Tra questi c’è App24, l’applicazione che consente ai cittadini di ricevere informazioni e notifiche direttamente sul proprio smartphone. L’app può essere scaricata tramite QR code distribuiti sul territorio e permette di consultare il Piano di Protezione Civile digitale, ricevere messaggi di pubblica utilità e avvisi di allerta in caso di emergenza.

Il sistema è stato progettato con particolare attenzione alla tutela della privacy: l’accesso all’app non richiede registrazione né raccolta di dati personali e non prevede tracciamento degli utenti.

Accanto all’applicazione è stato attivato anche il canale TEGIS 24, nato dalla collaborazione tra TEGIS e App24. Questo strumento consente di raccogliere e condividere informazioni sui rischi presenti sul territorio, sulle misure di mitigazione e sugli interventi previsti, oltre a fornire indicazioni sui comportamenti da adottare in caso di emergenza.

Il sistema permette inoltre di inviare automaticamente i Piani di Protezione Civile ai cataloghi regionali e di gestire informazioni strategiche come il censimento delle categorie fragili presenti sul territorio, un elemento fondamentale per organizzare gli interventi di assistenza nelle situazioni di crisi.
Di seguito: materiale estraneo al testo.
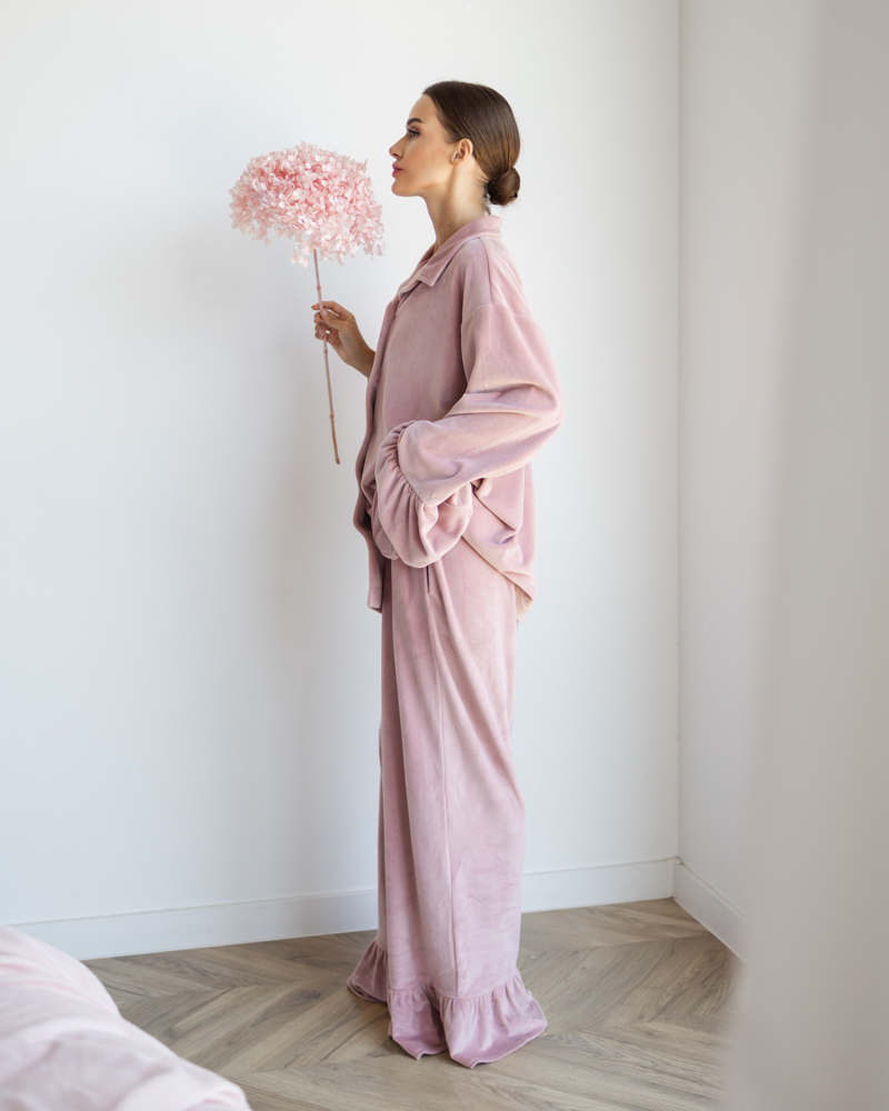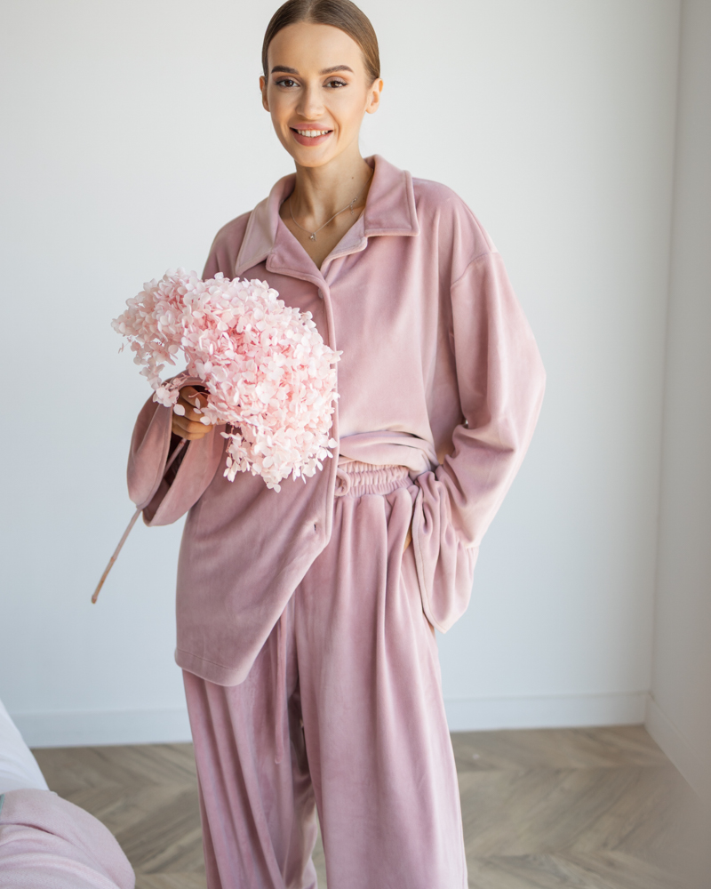 Неймовірно ніжний домашній костюм з королівського велюру на бавовяній основі.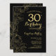 Invitación a la fiesta de cumpleaños 30 de Black Gold Floral. Diseño moderno minimalista con dibujos botánicos de contorno acentos, Relieve metalizado de oro falso y tipo de letra de escritura tipográfica. Sencilla carta de invitación a la moda, perfecta para una elegante celebración de cumpleaños femenina. Se puede personalizar a cualquier edad. Invitaciones Zazzle impresas o una plantilla imprimible digital de descarga instantánea.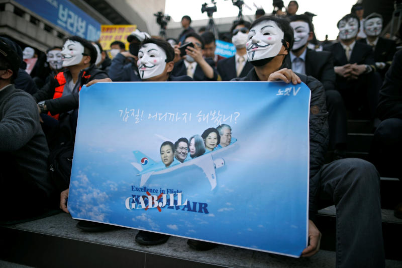 People holding a banner showing the relatives of Korean Air chairman Cho Yang Ho during a protest on May 4, 2018.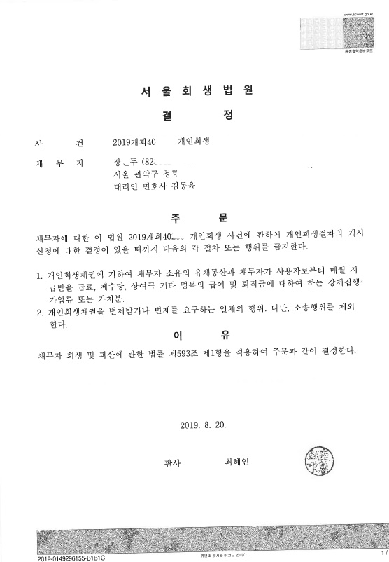 서울회생법원 (2019개회) 금지결정문 페이지 정보 작성자 김동윤 변호사 작성일19-08-23 13:52 조회7,253회 댓글0건 관련링크 이전글 다음글 목록 본문 서울회생법원 (2019개회) 금지결정문 댓글목록 등록된 댓글이 없습니다. 이전글 다음글 목록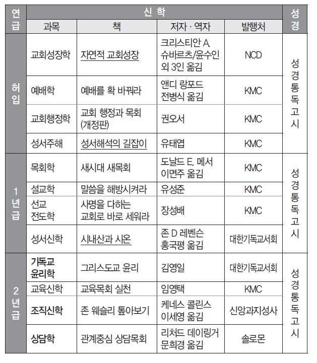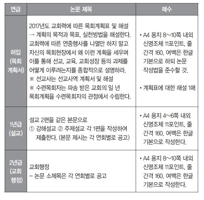 • 1~2년급의 모든 논문은 본인의 목회현장에서 적용된 것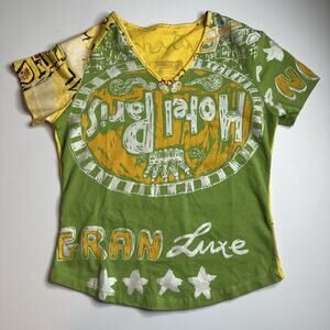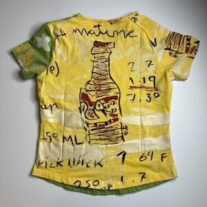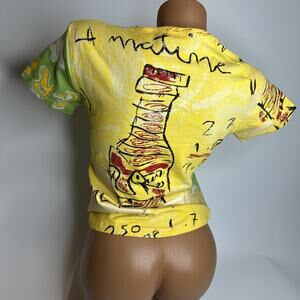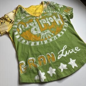 Y2K Graphic Print Mixed Sleeve Colorblock Tee Shirt 2000s Streetwear Pop Art M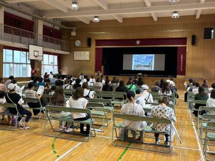 修学旅行保護者説明会を行いました。ご多用の中、またとてもとても暑い中、ご出席いただいた保護者のみなさん、ありがとうございました。お仕事等で出席できなかった保護者のみなさんは明日資料をお配りします。よく読んでいただき、ご質問等ありましたら、担任までお知らせください。引き続き健康管理もよろしくお願いします。
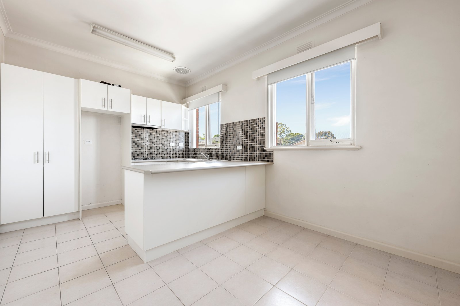 • Modern kitchen with adjoining meals space featuring ample storage
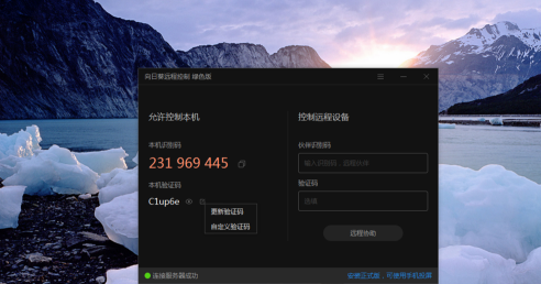 主面板右侧是本机被远程时使用的识别码和验证码;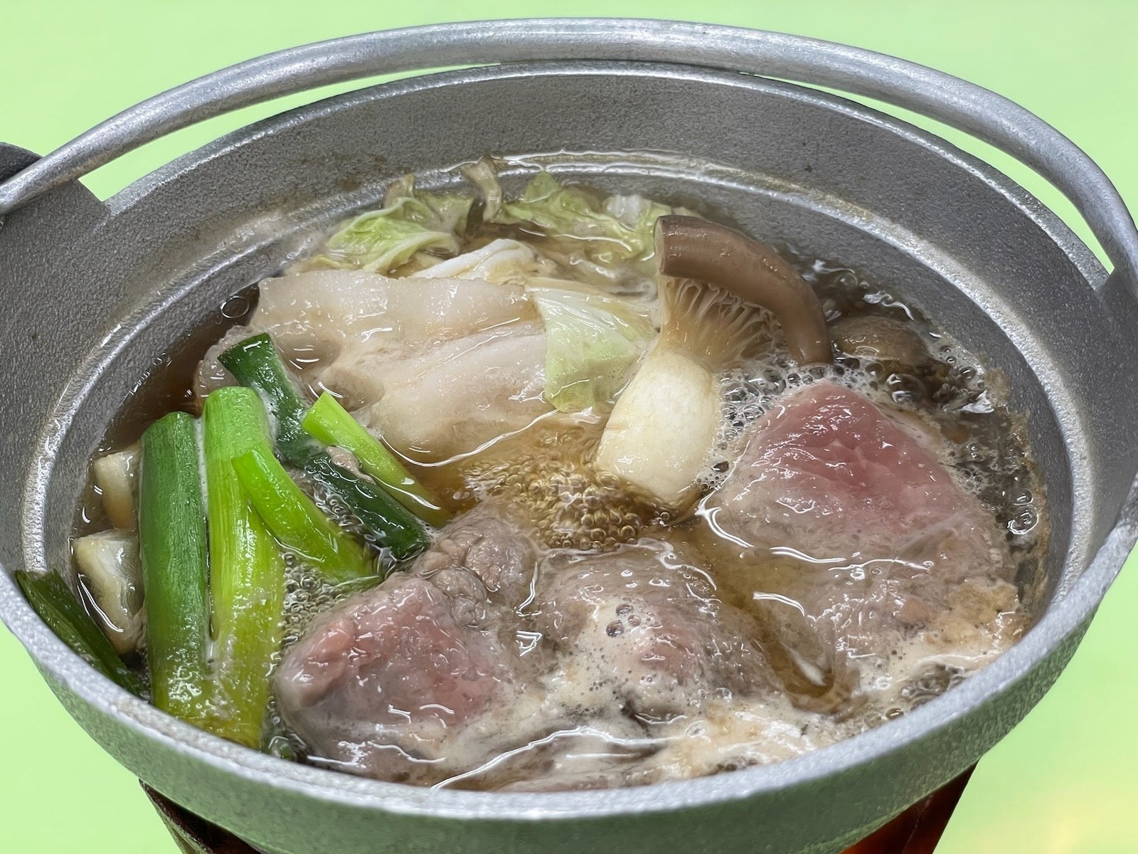 地元伊豆の豊かな自然が育んだ新鮮な野菜をたっぷり使った贅沢な一品です。旨味あふれる牛肉を特製割り下でじっくり煮込みました。野菜の甘さと牛肉の旨味が溶け合い、奥深い味わいに仕上がっています。

Secondo Francesco Maria Ermani, CEO e founder di TEGIS, l’adozione di queste tecnologie consente di migliorare in modo significativo la gestione dell’informazione durante le emergenze. Il sistema, infatti, permette di inviare comunicazioni mirate solo ai cittadini che si trovano nelle aree realmente interessate da un evento, evitando il rischio di falsi allarmi e facilitando l’organizzazione delle operazioni di evacuazione.

Con questa scelta, Bari rafforza quindi il proprio sistema di Protezione Civile e si propone come uno dei modelli più avanzati di digitalizzazione a livello comunale. Un esempio di come la tecnologia possa trasformare la pianificazione delle emergenze in uno strumento concreto di prevenzione, sicurezza e tutela della comunità.